> _Supplied material_
####

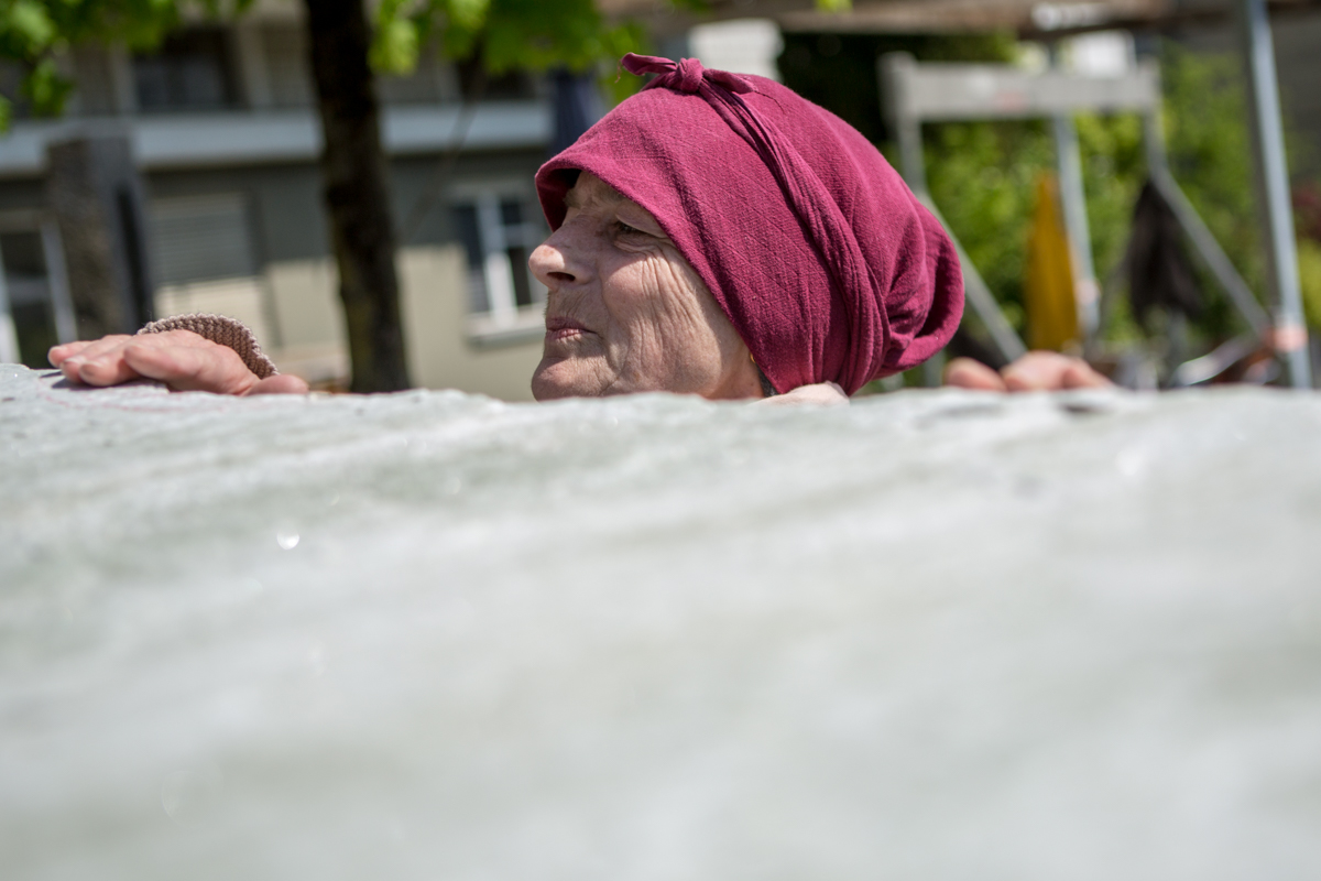 Nadja hat keinen Lieblingsstein. Jeder sei anders. Der Stein sage ihr, was geht und was nicht. Sie habe sich zu fügen. Für sie ist klar: Hier im Brünighof muss es ein Verde Spluga sein – ein hellgrüner, schwach geschieferter, mittelkörniger Gneis mit Quarz-Einschlüssen, weisser schlierig-wolkiger Textur und gröberen, milchig-weissen Gemengeteilen. Fast ein wenig wie Bob Dylan? Der grüne Splügenstein wird in einem Steinbruch auf der italienischen Seite des Splügenpasses unter Tag abgebaut. Der Verde Spluga ist 250 Millionen Jahre alt – Nadja 64. Steine hätten eine Geschichte, die man nicht nachvollziehen oder schaffen könne, sagt Nadja. Sieben Mal ist sie zum Steinbruch nach Italien gefahren, um den Stein auszuwählen, das Ausbrechen zu überwachen und den Abtransport zu organisieren. Im Januar ist der Stein im Vorplatz ihres Ateliers zwischen Viscose-Stadt und Emme eingetroffen: Vier riesige Klötze nahezu gleich hoch wie die zierliche Bildhauerin.
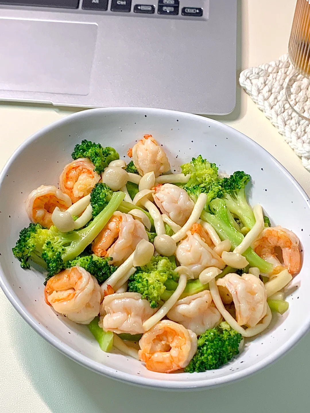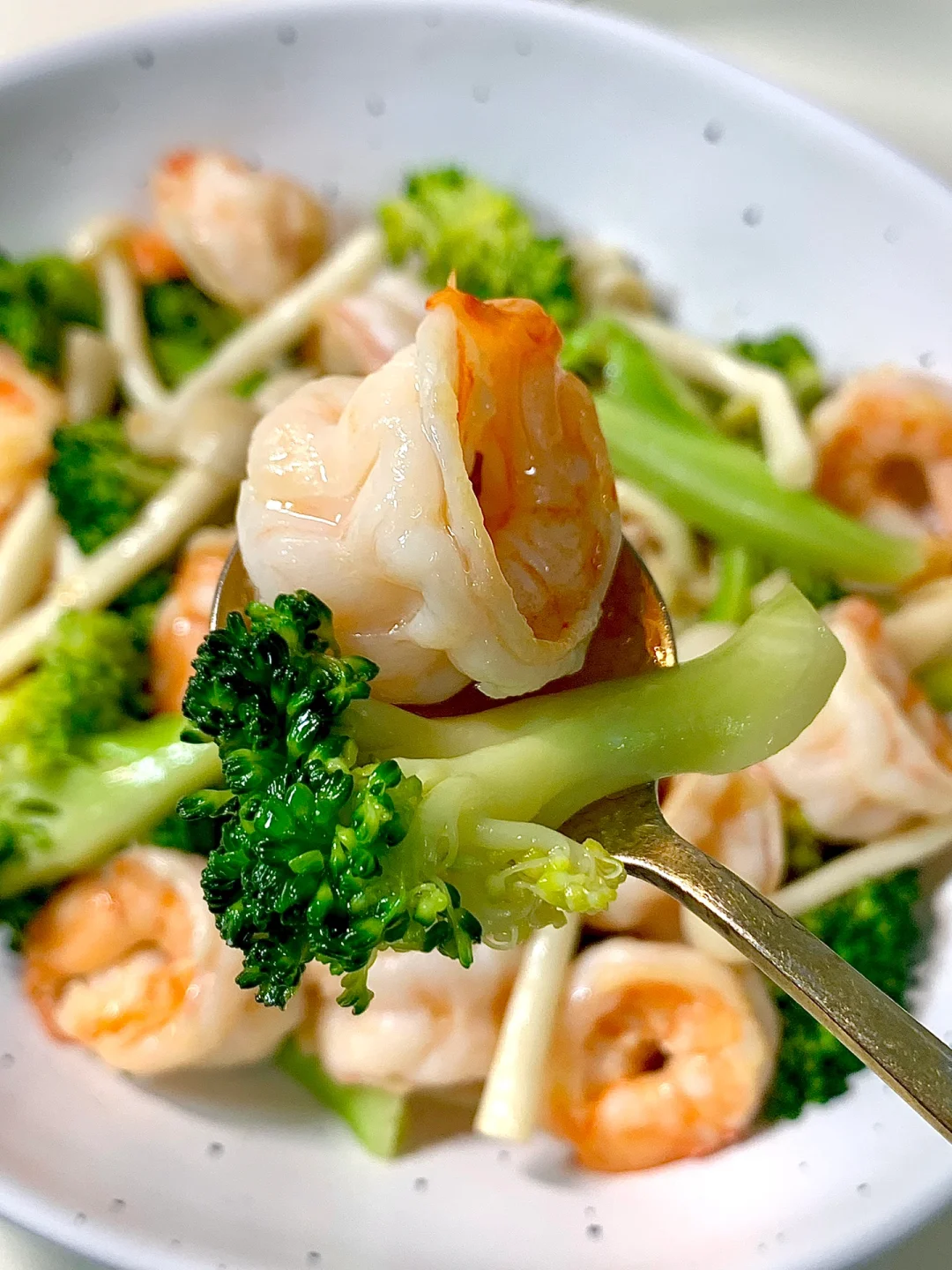 食材:西兰花🥦半个、虾仁10只、适量白玉菇、蒜头3瓣、蚝油1勺、适量盐
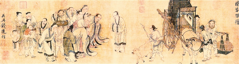 “时苗留犊”是古代清官的典范。时苗是东汉人,曾任寿春令,上任时乘母牛驾的车,后牛生一犊,时苗离任时将牛犊留下,不肯带走。比喻为官清廉。图为宋元时期画家钱选所绘《时苗留犊图》(局部)。(资料图片)

####

> _What you have to do_
Your copy should hold only the lines running from the one that contains "食材:西兰花🥦半个、虾仁10只、适量白玉菇、蒜头3瓣、蚝油1勺、适量盐" through the final line of the data; transcribe them exactly, both ends included, and leave pictures out.

> _Response to this exercise_
 食材:西兰花🥦半个、虾仁10只、适量白玉菇、蒜头3瓣、蚝油1勺、适量盐
 “时苗留犊”是古代清官的典范。时苗是东汉人,曾任寿春令,上任时乘母牛驾的车,后牛生一犊,时苗离任时将牛犊留下,不肯带走。比喻为官清廉。图为宋元时期画家钱选所绘《时苗留犊图》(局部)。(资料图片)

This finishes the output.